Records supplied.
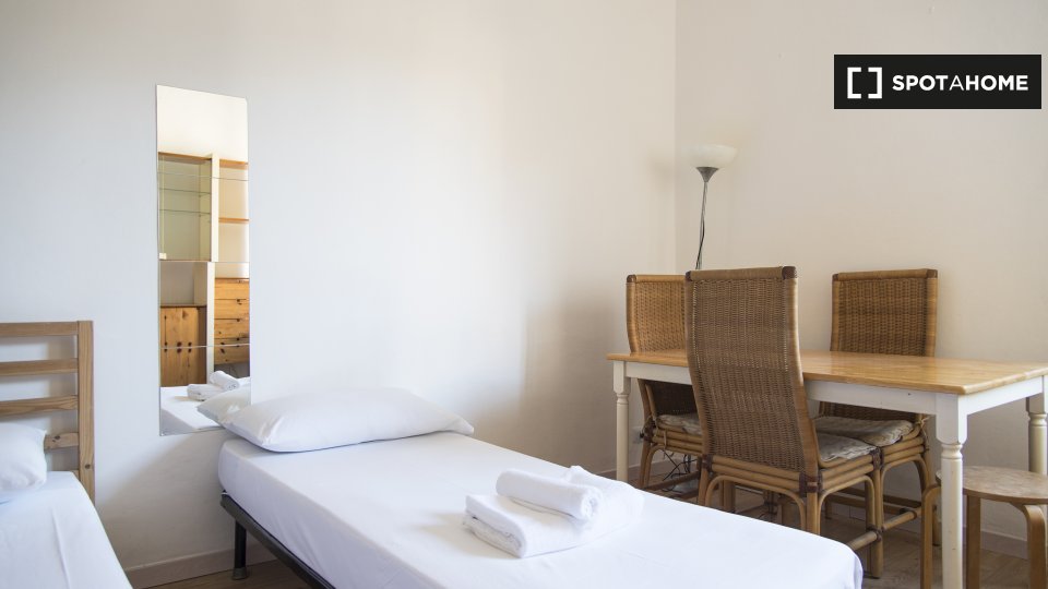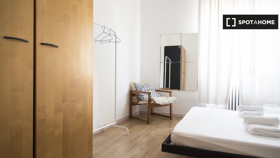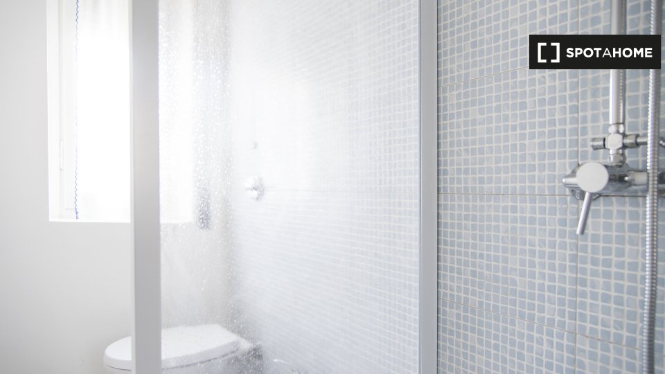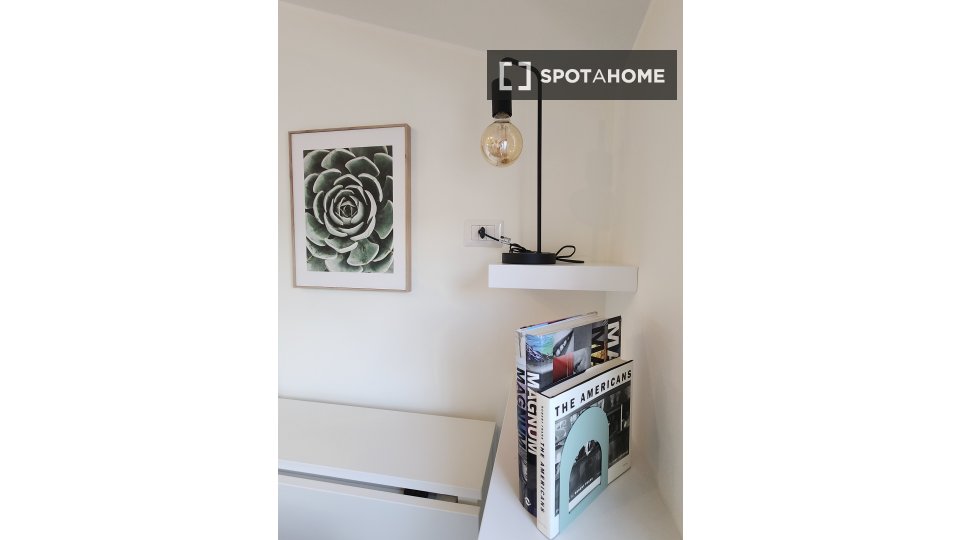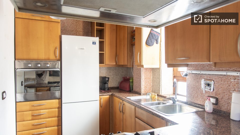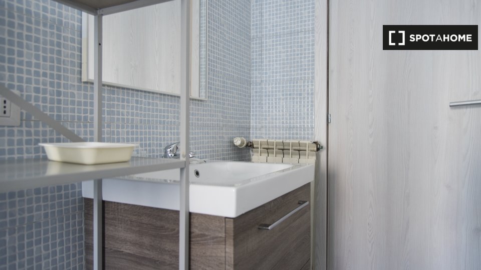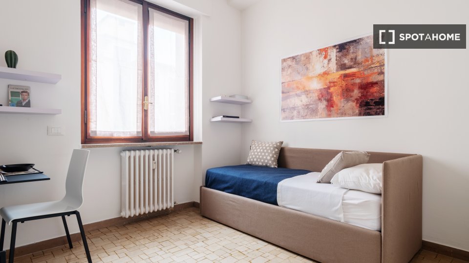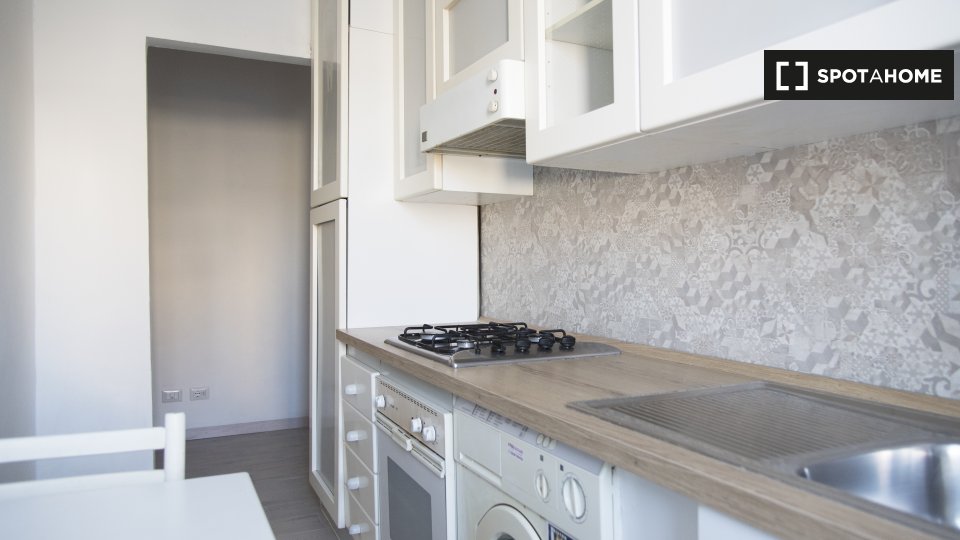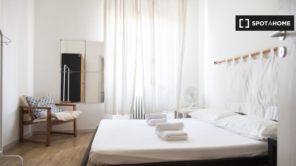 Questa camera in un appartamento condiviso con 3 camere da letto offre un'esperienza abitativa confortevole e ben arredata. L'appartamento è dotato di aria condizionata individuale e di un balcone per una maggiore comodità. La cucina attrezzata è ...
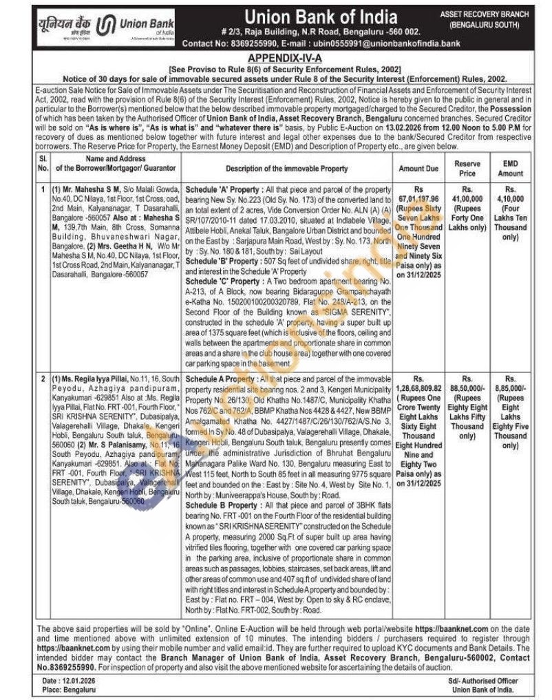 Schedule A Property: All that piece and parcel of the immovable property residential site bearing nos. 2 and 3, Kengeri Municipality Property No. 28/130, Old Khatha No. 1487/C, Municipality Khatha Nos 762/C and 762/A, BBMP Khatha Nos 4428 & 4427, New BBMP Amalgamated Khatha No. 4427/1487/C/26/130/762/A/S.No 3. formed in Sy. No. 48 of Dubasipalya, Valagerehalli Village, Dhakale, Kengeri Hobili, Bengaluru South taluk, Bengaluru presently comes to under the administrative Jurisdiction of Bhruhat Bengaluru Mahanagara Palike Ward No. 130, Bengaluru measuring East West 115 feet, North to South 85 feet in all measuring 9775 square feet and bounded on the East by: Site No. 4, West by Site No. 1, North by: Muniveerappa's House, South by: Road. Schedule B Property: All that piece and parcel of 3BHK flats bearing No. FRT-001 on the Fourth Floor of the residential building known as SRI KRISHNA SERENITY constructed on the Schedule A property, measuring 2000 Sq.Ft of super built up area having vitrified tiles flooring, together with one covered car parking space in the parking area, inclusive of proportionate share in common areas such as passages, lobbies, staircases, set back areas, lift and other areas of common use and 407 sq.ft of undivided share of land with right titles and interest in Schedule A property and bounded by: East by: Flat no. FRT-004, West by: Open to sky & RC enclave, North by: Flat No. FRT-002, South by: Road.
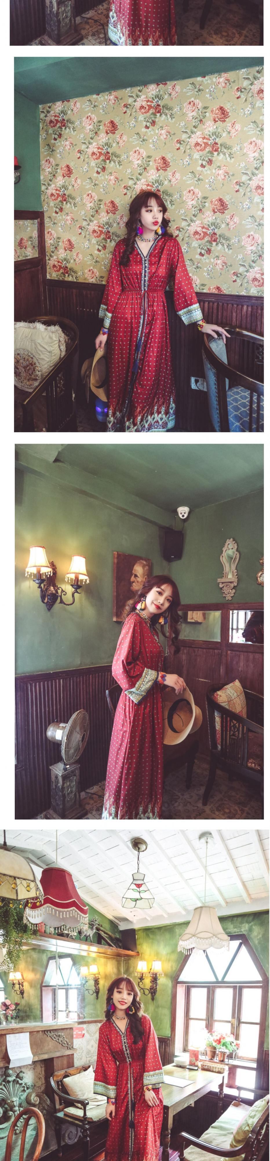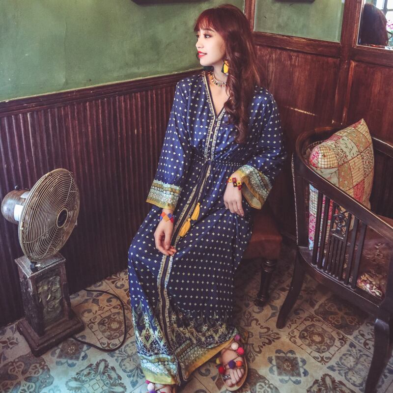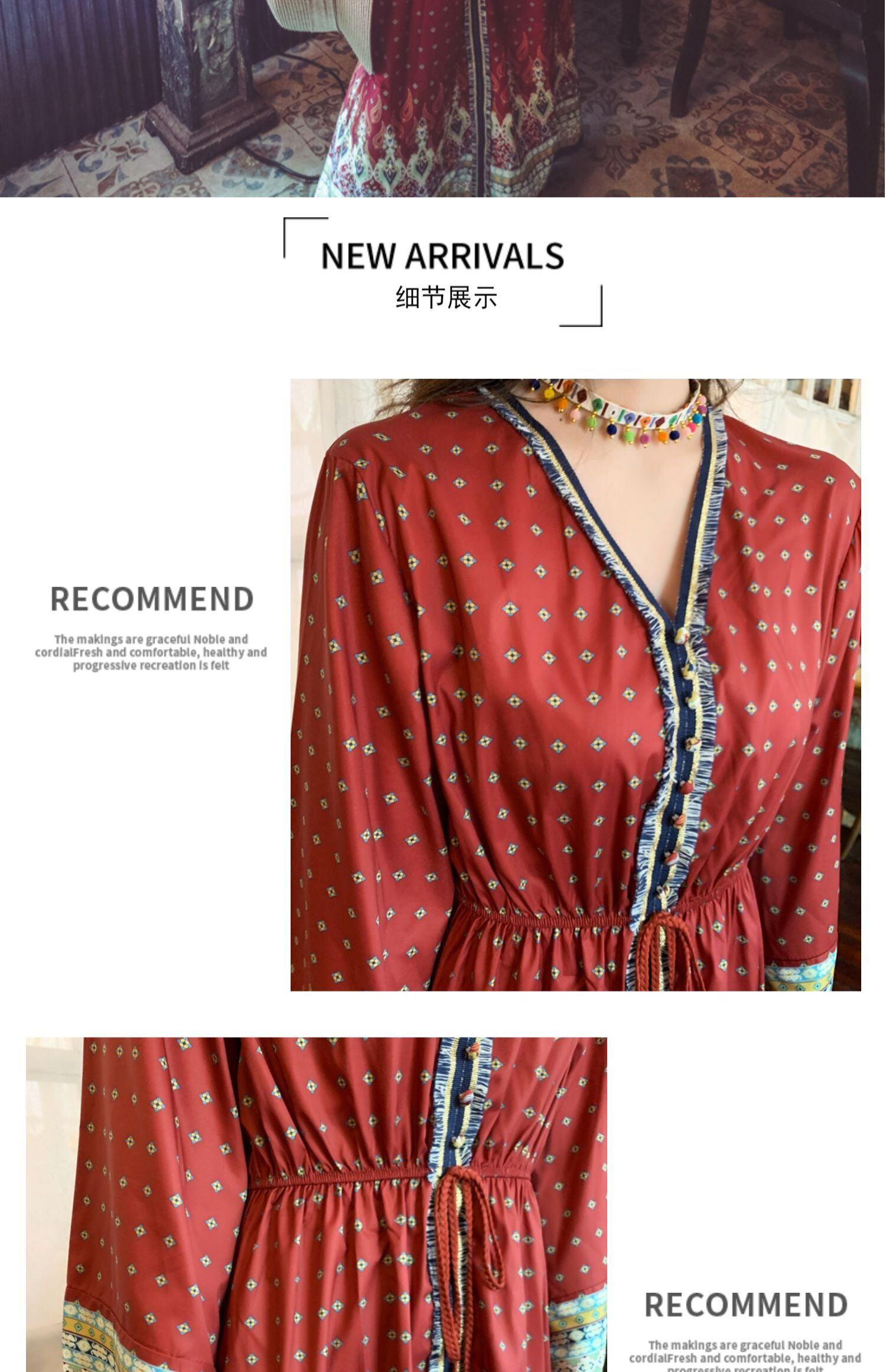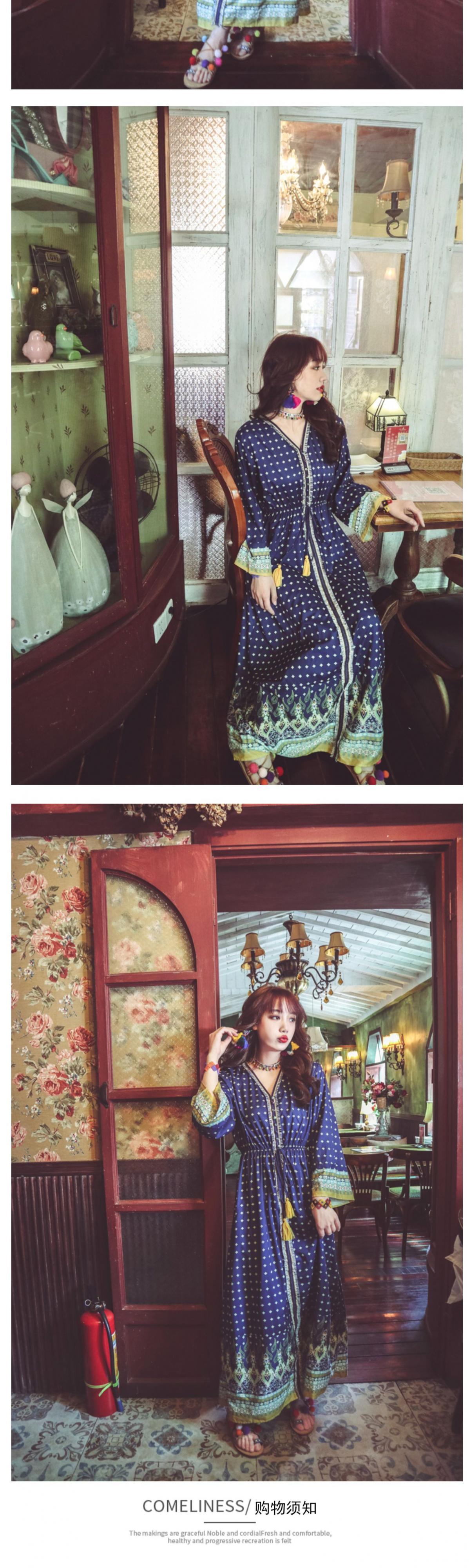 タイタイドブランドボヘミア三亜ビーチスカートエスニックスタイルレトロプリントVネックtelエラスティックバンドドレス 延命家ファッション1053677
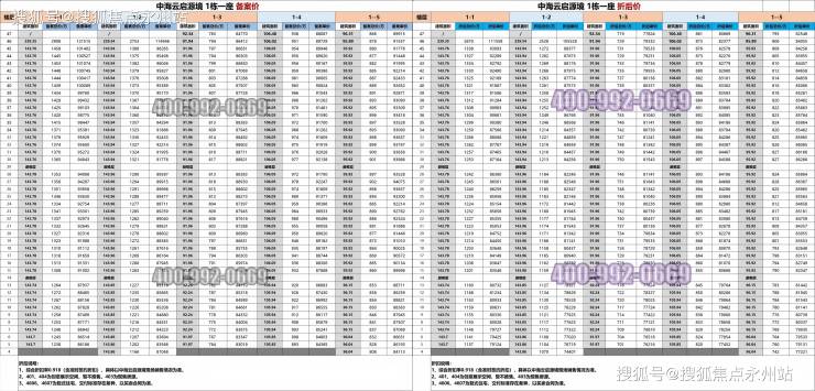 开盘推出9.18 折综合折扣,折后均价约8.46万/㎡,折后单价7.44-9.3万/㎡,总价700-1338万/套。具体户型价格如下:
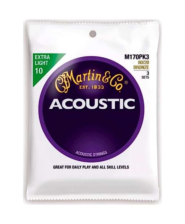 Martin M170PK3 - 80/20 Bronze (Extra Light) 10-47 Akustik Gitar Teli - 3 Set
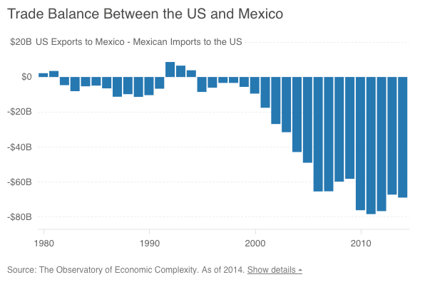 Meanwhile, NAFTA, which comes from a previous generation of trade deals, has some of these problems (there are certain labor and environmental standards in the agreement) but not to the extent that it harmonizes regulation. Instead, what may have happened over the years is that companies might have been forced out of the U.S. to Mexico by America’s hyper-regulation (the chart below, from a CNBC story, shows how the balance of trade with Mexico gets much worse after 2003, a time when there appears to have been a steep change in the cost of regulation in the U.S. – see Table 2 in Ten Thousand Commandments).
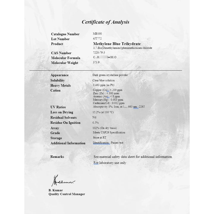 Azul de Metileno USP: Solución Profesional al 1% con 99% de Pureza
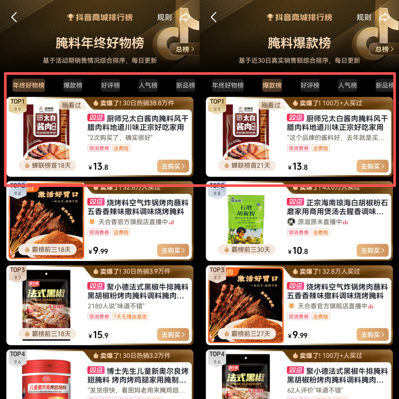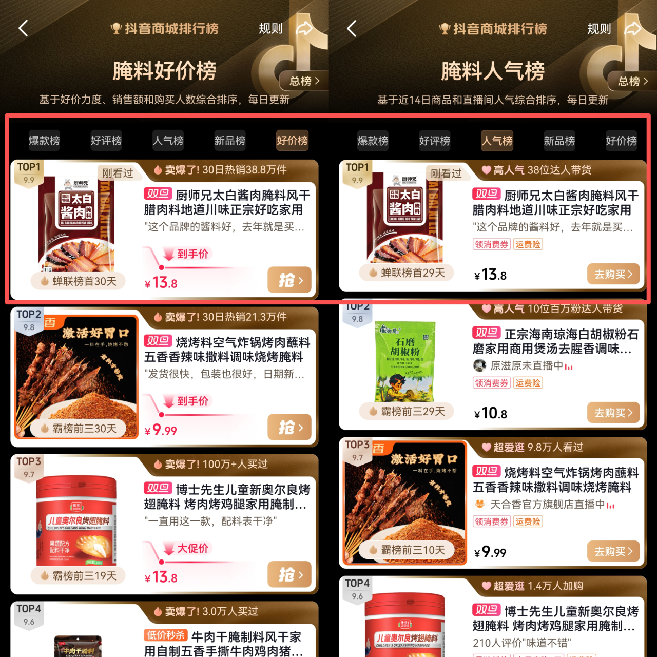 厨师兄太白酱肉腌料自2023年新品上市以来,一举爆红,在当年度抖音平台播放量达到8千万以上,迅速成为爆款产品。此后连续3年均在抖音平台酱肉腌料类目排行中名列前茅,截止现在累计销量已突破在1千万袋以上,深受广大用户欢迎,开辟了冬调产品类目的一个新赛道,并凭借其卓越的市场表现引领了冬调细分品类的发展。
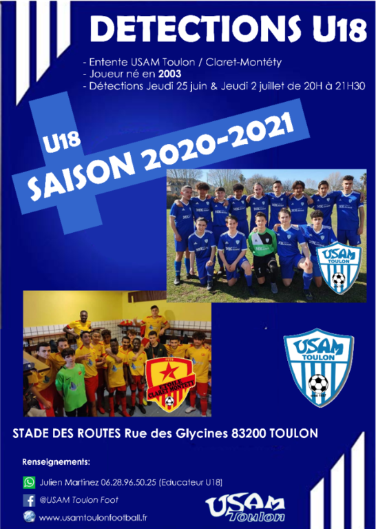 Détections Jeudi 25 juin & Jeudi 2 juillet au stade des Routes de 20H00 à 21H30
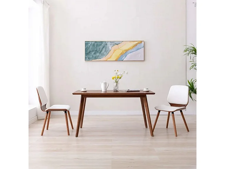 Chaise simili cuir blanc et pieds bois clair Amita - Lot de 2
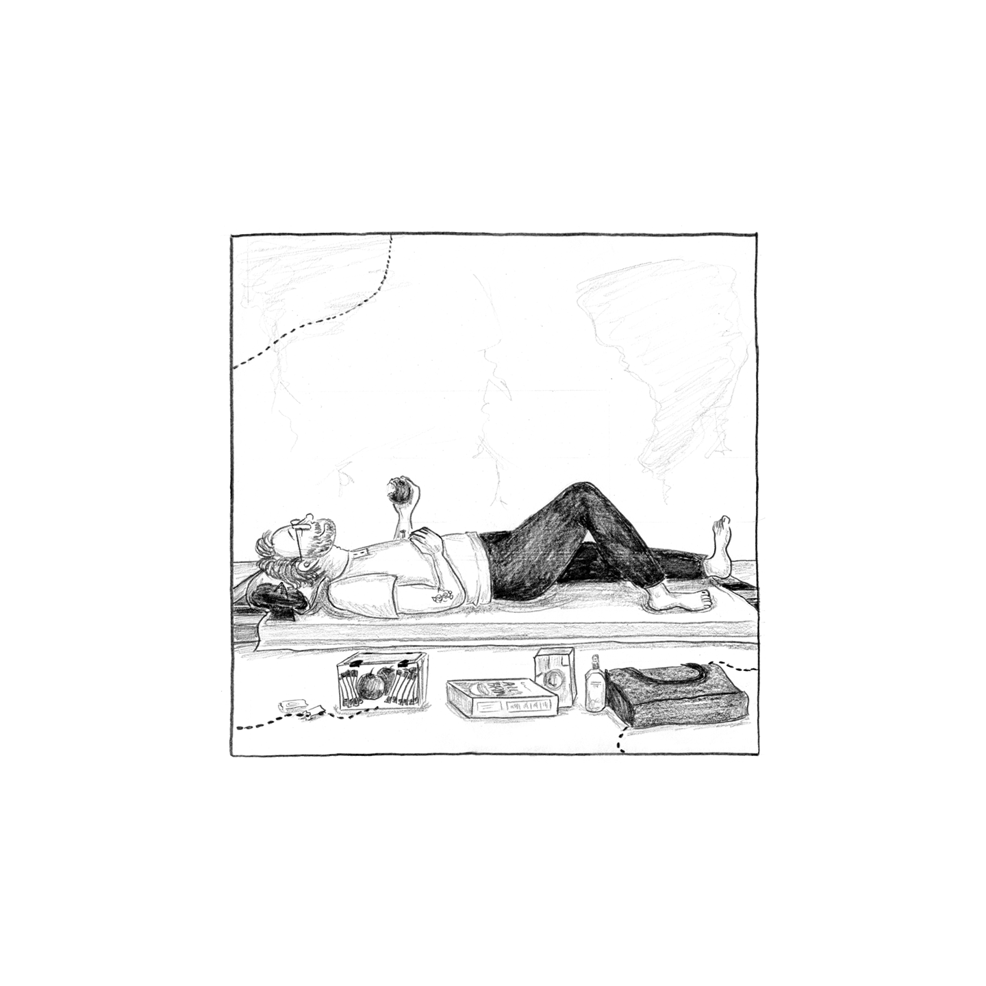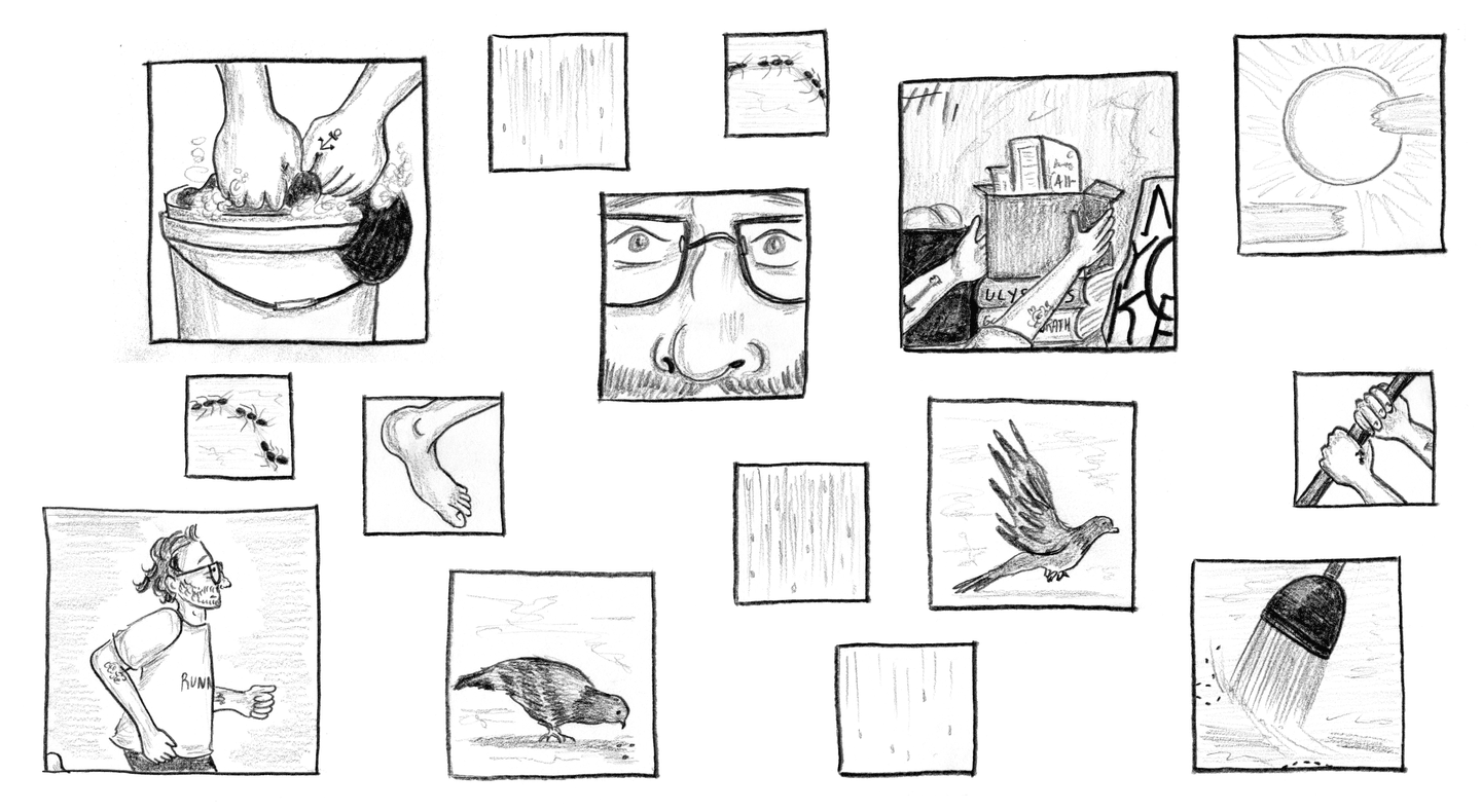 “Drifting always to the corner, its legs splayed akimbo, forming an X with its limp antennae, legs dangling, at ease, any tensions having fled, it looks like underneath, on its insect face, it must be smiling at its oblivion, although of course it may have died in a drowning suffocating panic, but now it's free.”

Work required.
Nothing but the lines from the line containing "タイタイドブランドボヘミア三" through the last line of the listing above should appear, output exactly, with no pictures.

Output for this task.
 タイタイドブランドボヘミア三亜ビーチスカートエスニックスタイルレトロプリントVネックtelエラスティックバンドドレス 延命家ファッション1053677
 开盘推出9.18 折综合折扣,折后均价约8.46万/㎡,折后单价7.44-9.3万/㎡,总价700-1338万/套。具体户型价格如下:
 Martin M170PK3 - 80/20 Bronze (Extra Light) 10-47 Akustik Gitar Teli - 3 Set
 Meanwhile, NAFTA, which comes from a previous generation of trade deals, has some of these problems (there are certain labor and environmental standards in the agreement) but not to the extent that it harmonizes regulation. Instead, what may have happened over the years is that companies might have been forced out of the U.S. to Mexico by America’s hyper-regulation (the chart below, from a CNBC story, shows how the balance of trade with Mexico gets much worse after 2003, a time when there appears to have been a steep change in the cost of regulation in the U.S. – see Table 2 in Ten Thousand Commandments).
 Azul de Metileno USP: Solución Profesional al 1% con 99% de Pureza
 厨师兄太白酱肉腌料自2023年新品上市以来,一举爆红,在当年度抖音平台播放量达到8千万以上,迅速成为爆款产品。此后连续3年均在抖音平台酱肉腌料类目排行中名列前茅,截止现在累计销量已突破在1千万袋以上,深受广大用户欢迎,开辟了冬调产品类目的一个新赛道,并凭借其卓越的市场表现引领了冬调细分品类的发展。
 Détections Jeudi 25 juin & Jeudi 2 juillet au stade des Routes de 20H00 à 21H30
 Chaise simili cuir blanc et pieds bois clair Amita - Lot de 2
 “Drifting always to the corner, its legs splayed akimbo, forming an X with its limp antennae, legs dangling, at ease, any tensions having fled, it looks like underneath, on its insect face, it must be smiling at its oblivion, although of course it may have died in a drowning suffocating panic, but now it's free.”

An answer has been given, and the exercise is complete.